AIDS Activists Call On Global Health Organizations to Revise Their Global Health Plan

This past November, the leaders of eight international health organizations—the Bill and Melinda Gates Foundation; the GAVI Alliance; the Global Fund to Fight AIDS, Tuberculosis and Malaria; UNAIDS; the UN Population Fund; UNICEF; the World Health Organization and the World Bank—released Scaling Up for Better Health, a joint plan intended to show health care agencies around the world how to improve their quality of care. At first read, the plan seemed to be one that should be supported by those supporting people living with HIV/AIDS around the world. However, a closer read of the plan’s final draft prompted the International Treatment Preparedness Coalition (ITPC)—endorsed by AIDS activists, health experts and human rights advocates around the world—to write a letter to the heads of the eight health organizations to express fear that the proposed plan might have been inspired by recent public commentary that the world is spending too much money to fight AIDS.

The letter states: “At face value, the Scaling Up for Better Health plan, which is in fact a cluster of recent global health initiatives encompassing Germany's Providing for Health, Canada's Catalytic Initiative to Save a Million Lives, the United Kingdom’s International Health Partnership, and Norway’s Deliver Now for Women and Children; and which has recently been endorsed by all of you, could only make us happy. However, when reading the final draft note of November 1, 2007, combined with our experience in developing countries, we fear that this new initiative might undermine some existing efforts to realize the right to health. In particular we fear that this new initiative might be inspired by recent public comments, according to which the world is spending too much on the fight against AIDS. If this were the intention, we could certainly not support this initiative. The world is not spending enough on the fight against AIDS and the world is not spending enough fighting against other health crises and problems. Only if this is explicitly acknowledged as the foundation of the Scaling Up for Better Health plan, we would be willing to support this plan.”

The letter then spells out several key conditions that must be met before the ITPC will support the plan. These conditions include: the plan’s recognizing that health is a human right; the adoption of a sustainable health care aide system that operates on an uninterrupted basis; the acknowledgement of the importance of the right to health above macroeconomic concerns; an allowance for appropriate responses to health crises; a balanced approach to the integration of “vertical,” or disease-specific, health interventions; a transparent overview of contributions and grants; and a push to ensure that civil society is included in all stages of the plan’s decision-making processes.

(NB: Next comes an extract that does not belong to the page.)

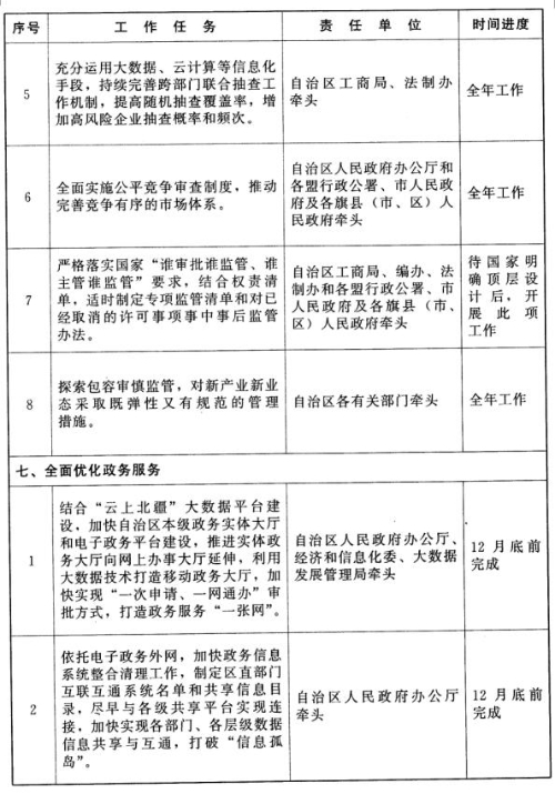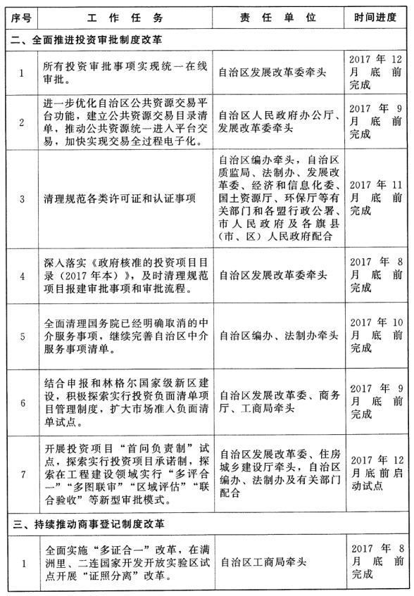 1.加快“多證合一”改革。繼續(xù)鞏固和擴(kuò)大“五證合一”“兩證整合”改革成果,全面實施“多證合一”改革,在滿洲里、二連浩特國家開發(fā)開放實驗區(qū)試點開展“證照分離”改革,積累可復(fù)制可推廣經(jīng)驗。(自治區(qū)工商局牽頭,自治區(qū)各有關(guān)部門和各盟行政公署、市人民政府及各旗縣(市、區(qū))人民政府按職責(zé)分工負(fù)責(zé))

“We are the consumers (and often providers) of health care, we have a vested interest in seeing programs succeed in reaching their goals,” the ITPC letter concludes. “We are able to provide an independent voice from our countries’ villages to our nations’ capitals describing what we need in real terms and what is and isn’t working on the ground. We are willing to work together, but our conditions for collaboration are clear.”

POZ asked Gregg Gonsalves, a well-known international AIDS activist currently with the AIDS and Rights Alliance for Southern Africa in Capetown, also a signatory of the letter, why he feels the letter was sent. “We sent [it] because several major funders of AIDS programs are considering moving away from disease-specific funding, and these policy changes are imminent,” he said.